Sydney, le dépaysement total
« Chacun le vit différemment, c’est très personnel. Moi j’ai vécu une super expérience. Tous les éléments étaient réunis: participer à la compétition la plus importante au monde, à l’autre bout de la planète. Après coup, la famille et les amis vous disent qu’ils se sont levés en pleine nuit pour regarder votre course… c’est là qu’on réalise qu’on a participé à quelque chose d’énorme. En plus Sydney c’était le dépaysement total, un aspect que n’auront pas les athlètes français qui feront les Jeux de Paris l’an prochain. La Fédération nous avait donné des cartes postales toutes prêtes à envoyer à nos proches et sponsors, c’était sympa. J’y suis retourné avec ma femme il y a quelques années, je suis allé voir le bassin olympique… Contrairement à Athènes les infrastructures n’ont pas été laissées à l’abandon à l’issue des Jeux, c’est bien. Comme je l’ai dit, on ne prend vraiment la mesure de tout ça qu’une fois sa carrière terminée. »
Si vous l’avez manqué, le premier épisode de notre série #VersLesJeux avec Alexis Delplace, est en ligne ici.
Les autres Angevins qui ont connu les Jeux
Les plus connus sont Nicolas Touzaint (équitation, il a participé aux six derniers JO, médaillé d’or par équipe aux JO d’Athènes en 2004 et médaillé de bronze par équipe aux JO de Tokyo en 2021), Nicolas Mahut (tennis, JO de Rio 2016 et Tokyo), Claire Supiot ((para)natation, JO de Séoul en 1988 et Paralympiques de Tokyo), Amandine Brossier (400m, JO de Tokyo) ou encore Matéo Bohéas (para tennis de table, médaillé d’argent aux Jeux de Tokyo).
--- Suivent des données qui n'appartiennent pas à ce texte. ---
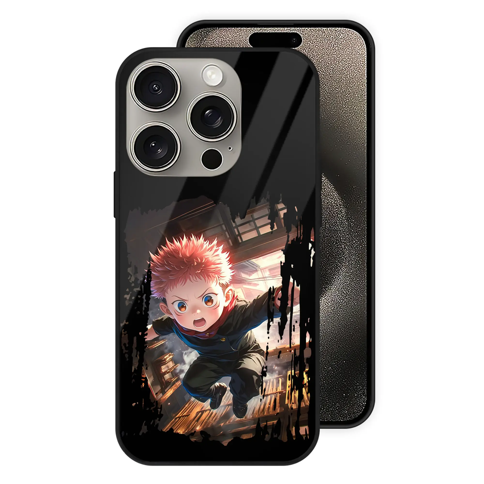 呪術廻戦 グッズ,虎杖 悠仁 - IPhone15Pro対応 ・ スマホケース ・ 背面ガラス ・ TPU+強化ガラス ・ 耐衝撃 ・ 黄変防止 ・ ワイヤレス充電対応 ・ 3D立体ボタン
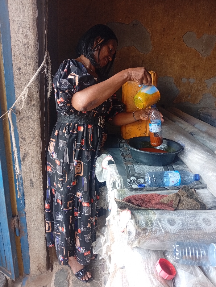 In Maiburiji, Nigeria, an adult female with dark skin and a short, dark bob haircut is depicted in a narrow, indoor setting, likely a small shop or stall. She wears a long, black dress with a multi-colored abstract pattern, a black belt, small gold hoop earrings, a thin gold necklace, and black slip-on sandals. Her right hand is actively pouring a vibrant yellow-orange liquid from a clear plastic jug into a clear plastic water bottle, which she supports with her left hand. The bottle already contains a smaller volume of reddish-orange liquid. Behind her stands a large, yellow plastic jerry can. To her right, on a surface covered with gray patterned material, a black plastic basin holds a dark reddish-brown viscous substance. Adjacent to the basin are various items, including rolls of light-colored material, some wrapped in plastic with white patterns, empty clear plastic water bottles, one with a red cap, and a folded piece of reddish-brown cloth. The immediate environment includes a weathered blue and gray wall on the left, secured with a white string, and a distressed, tan-brown wall with peeling plaster on the right. The floor is uneven.

Mais il ne faut pas oublier Dorothée Mériau (basket fauteuil, Jeux de Londres en 2012), Franck Haudouin (para tir à l’arc, 9e aux Jeux de Londres), Margaux Chrétien (natation synchronisée, JO de Rio) et Julien Bahain (aviron, désormais citoyen canadien, médaillé de bronze au JO de Pékin en 2008 et également présent aux JO de Londres).
Le canoë-kayak est le sport qui a envoyé le plus d’Angevins aux Jeux avec donc Stéphane Gourichon, Pascal Boucherit (médaillé de bronze à Los Angeles en 1984), Jean-François Briand (JO de Barcelone, 1992), Cindy Moreau (médaillée de bronze au Jeux Paralympiques de Rio) et Vanina Paoletti (JO de Tokyo).